Fun for all the family
It was one of the better bank holiday weekends, not only was it not raining it went so far as to be actually sunny. My usual rule is to stay home on bank holidays so as to avoid being kicked to death/unable to park/in a queue for everything but there had to be an exception made for this weekend. It was the weekend of the Canal Festival at Kiveton (the 2009 Inland Waterways Association Campaign Rally if you want to be picky) and as the husband is one of the Chesterfield Canal Trust trip boat skippers there was always destined to be a day out regardless of the weather.

On the Sunday Daniel helped serve drinks on the boat, found a nice lady who showed him how to paint the roses that decorate traditional canal ware and had a go at a spot of stone carving with the masons from Hardwick Hall. The mason would much rather he had gone for a design with straight lines but he was adamant he was doing his initials and would not be moved.
I did my bit on Monday by filling a corner next to the beer tent and demonstrating spinning. I was surprised to find that I could cover a table in handspun things just by walking around the house. As well as talking about rooing in primitive sheep over the day I wandered though what the Romans did for us, how to dye roving, the opening hours at Winghams, making a yarn fit for its purpose, the ethics of spinning possum, how to scour fleece, why alpacas don’t like the rain and finding uses for those itchy shetland jumpers we wore as children. If I had to summerize all that yakking it boiled down to “it’s not just wool”. My favorite moment of the day was provided by a very small boy who was feeling the different wools. This one is from a goat (cashmere darlink but let’s not confuse him yet), this one is from a sheep, and this one is really really soft, what might this be from? He was a bright lad, he’d spotted the farming link and confidently proclaimed it to be from a pig. I was hoping for rabbit but pig was more memorable.

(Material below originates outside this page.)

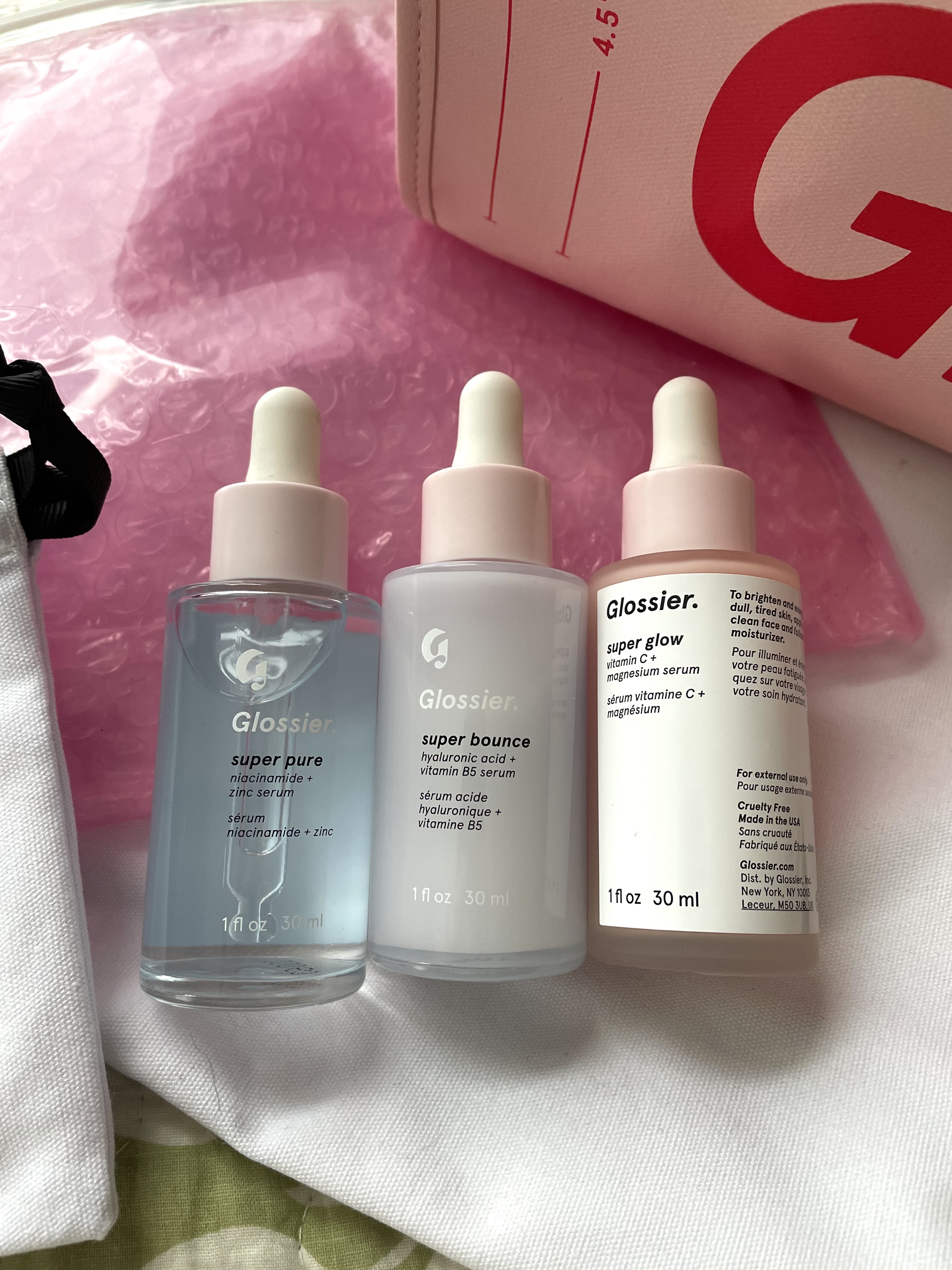 As i noted in my previous skincare post, i was gifted a Super Glow serum a few months ago from Glossier and i truly think it’s changed my skin since using it daily. This Christmas brought a few more serums: the Super Pure and the Super Bounce. While i use the Super Glow in the morning before my daily moisturizer, i’ve found that i like to use these two new serums at nighttime and then following them up with my daily moisturizer.
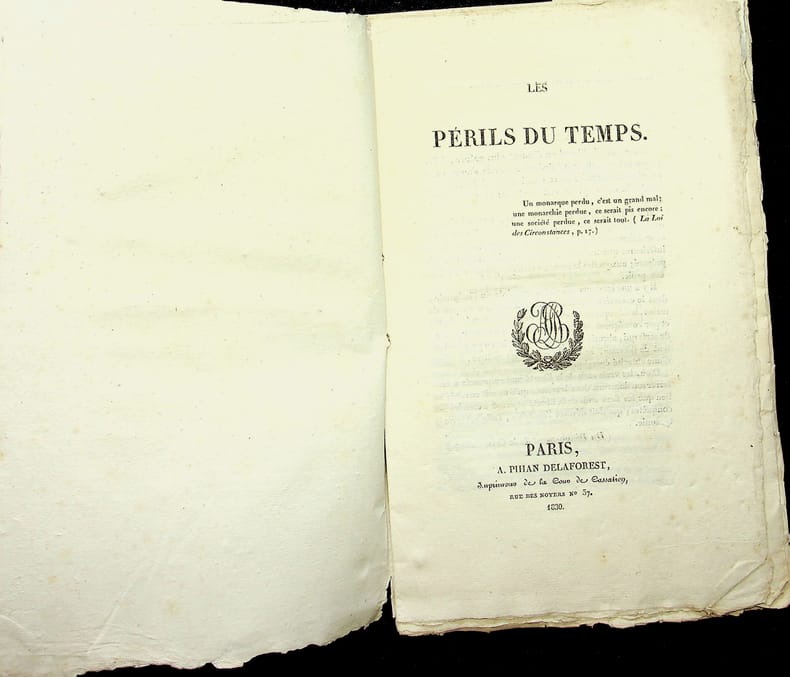 Marquis de La Gervaisais, Les Périls du temps. Paris, A Pihan Delaforest, 1830. In-12, 39p. Edition originale d'une des très nombreuses plaquettes politiques de La Gervaisais, qui fut surnommé « prophète » tant il prédisait dans ses brochures. Sous couverture muette, non coupé. Cette plaquette de commentaires politiques, qui aurait été écrite dès 1829 et diffusée alors auprès de ministres, a ici été imprimée en octobre 1830 pour être diffusée auprès des chambres. Elle contient notamment des considérations sur 1789 et 1792 et le parallèle possible avec l'époque. Peu commun. [VI]

Porky’s This is my festival wool, I didn’t get a lot spun at the festival itself, maybe half a bobbin, because I spent too much time on my feet talking and spindling. I suppose I should have been industriously hand carding fleece and then showing the lichens that I’d painstakingly gathered and the final naturally dyed yarn but that isn’t me at all. Instead I was spinning the little known purple sheep. This was a shop reject because the magenta didn’t exhaust and by the time I’d finished rinsing it the fibre wasn’t as open as I would have liked. It turns out that I am far too picky, it’s spinning up beautifully.